Franco M A, Greenberg H B
Instituto de Genetica, Facultad de Medicina, Pontifica UniversidadJaverina, Bogota, Columbia.
J Infect Dis. 1999 May;179 Suppl 3:S466-9. doi: 10.1086/314805.
Recent findings from our laboratory regarding the immune response of mice to rotavirus (a mucosal pathogen) show that although in most situations an acquired (T or B cell or both) response is necessary for elimination of primary rotavirus infection, unidentified innate mechanisms can also play a role in some mouse strains. Similar to what is seen with many other viruses, CD8+ T cells appear to provide the first but not the exclusive mechanism that mediates clearance of a primary rotavirus infection. Antibodies are the critical mediators of prevention against rotavirus reinfection. Nonneutralizing IgA monoclonal antibodies directed against VP6 (an internal structural rotavirus protein) can mediate immunity against rotaviruses in vivo. Rotavirus-specific CD8+ T cells can mediate their antiviral effect in the absence of perforin, fas, or interferon-gamma and are preferentially represented in the subset that expresses high levels of the enteric mucosal homing receptor alpha4beta7.

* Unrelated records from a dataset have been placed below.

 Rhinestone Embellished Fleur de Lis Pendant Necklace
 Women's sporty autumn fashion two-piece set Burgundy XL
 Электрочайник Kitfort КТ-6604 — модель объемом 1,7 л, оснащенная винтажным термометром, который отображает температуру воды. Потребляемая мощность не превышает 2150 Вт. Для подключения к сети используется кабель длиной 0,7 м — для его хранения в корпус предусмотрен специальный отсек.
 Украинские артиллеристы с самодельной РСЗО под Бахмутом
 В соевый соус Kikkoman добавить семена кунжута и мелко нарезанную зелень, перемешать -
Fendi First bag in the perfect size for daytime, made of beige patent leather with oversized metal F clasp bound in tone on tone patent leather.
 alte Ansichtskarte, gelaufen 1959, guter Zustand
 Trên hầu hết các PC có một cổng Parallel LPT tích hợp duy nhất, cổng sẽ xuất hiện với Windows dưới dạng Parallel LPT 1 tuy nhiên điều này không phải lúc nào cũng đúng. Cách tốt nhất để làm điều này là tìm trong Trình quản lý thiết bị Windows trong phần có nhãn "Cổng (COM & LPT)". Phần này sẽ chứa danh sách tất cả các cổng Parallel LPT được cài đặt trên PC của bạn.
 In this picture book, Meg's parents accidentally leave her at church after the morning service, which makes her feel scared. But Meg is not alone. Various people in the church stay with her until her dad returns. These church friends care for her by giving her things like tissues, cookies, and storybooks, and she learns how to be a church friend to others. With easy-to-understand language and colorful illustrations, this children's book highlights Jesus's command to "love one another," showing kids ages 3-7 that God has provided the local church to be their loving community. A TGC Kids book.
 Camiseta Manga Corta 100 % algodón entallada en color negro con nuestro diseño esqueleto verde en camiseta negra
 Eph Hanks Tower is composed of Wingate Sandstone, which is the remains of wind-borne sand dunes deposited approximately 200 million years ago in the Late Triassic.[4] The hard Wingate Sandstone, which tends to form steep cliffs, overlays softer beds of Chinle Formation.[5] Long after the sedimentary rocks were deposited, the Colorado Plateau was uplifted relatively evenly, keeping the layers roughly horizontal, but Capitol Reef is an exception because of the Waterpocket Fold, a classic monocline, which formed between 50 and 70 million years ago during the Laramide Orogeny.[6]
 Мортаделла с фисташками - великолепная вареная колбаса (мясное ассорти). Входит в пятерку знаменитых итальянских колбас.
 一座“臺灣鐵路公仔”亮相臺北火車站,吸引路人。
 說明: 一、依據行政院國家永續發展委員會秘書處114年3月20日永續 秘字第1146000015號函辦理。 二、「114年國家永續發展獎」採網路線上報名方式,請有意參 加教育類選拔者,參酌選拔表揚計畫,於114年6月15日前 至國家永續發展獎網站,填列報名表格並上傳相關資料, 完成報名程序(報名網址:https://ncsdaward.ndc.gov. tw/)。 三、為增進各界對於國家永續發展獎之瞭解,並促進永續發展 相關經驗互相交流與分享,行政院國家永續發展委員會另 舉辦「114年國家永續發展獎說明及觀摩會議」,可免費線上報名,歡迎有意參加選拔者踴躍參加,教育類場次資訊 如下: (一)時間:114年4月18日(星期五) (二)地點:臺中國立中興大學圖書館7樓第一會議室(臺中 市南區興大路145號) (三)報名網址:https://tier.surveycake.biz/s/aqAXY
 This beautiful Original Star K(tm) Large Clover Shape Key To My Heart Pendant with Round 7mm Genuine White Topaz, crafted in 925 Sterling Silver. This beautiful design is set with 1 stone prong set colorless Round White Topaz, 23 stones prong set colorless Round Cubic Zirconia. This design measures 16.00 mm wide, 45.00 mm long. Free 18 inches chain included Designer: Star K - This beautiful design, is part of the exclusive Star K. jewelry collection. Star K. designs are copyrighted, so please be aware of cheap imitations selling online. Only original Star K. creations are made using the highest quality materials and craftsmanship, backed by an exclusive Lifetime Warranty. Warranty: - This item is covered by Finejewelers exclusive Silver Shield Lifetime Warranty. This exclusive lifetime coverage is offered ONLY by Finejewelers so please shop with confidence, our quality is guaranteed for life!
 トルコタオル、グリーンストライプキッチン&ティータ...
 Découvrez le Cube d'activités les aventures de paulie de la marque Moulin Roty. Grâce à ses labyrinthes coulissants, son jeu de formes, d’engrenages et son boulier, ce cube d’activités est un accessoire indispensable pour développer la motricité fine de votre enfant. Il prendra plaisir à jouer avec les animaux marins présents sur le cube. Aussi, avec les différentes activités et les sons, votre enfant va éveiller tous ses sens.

我们实验室最近关于小鼠对轮状病毒(一种黏膜病原体)免疫反应的研究结果表明,虽然在大多数情况下,获得性(T细胞或B细胞或两者)反应对于消除原发性轮状病毒感染是必要的,但在某些小鼠品系中,未知的先天机制也可发挥作用。与许多其他病毒的情况类似,CD8 + T细胞似乎是介导原发性轮状病毒感染清除的首要但并非唯一机制。抗体是预防轮状病毒再次感染的关键介质。针对VP6(一种轮状病毒内部结构蛋白)的非中和性IgA单克隆抗体可在体内介导针对轮状病毒的免疫。轮状病毒特异性CD8 + T细胞可在缺乏穿孔素、Fas或干扰素 - γ的情况下介导其抗病毒作用,并且在表达高水平肠道黏膜归巢受体α4β7的亚群中优先存在。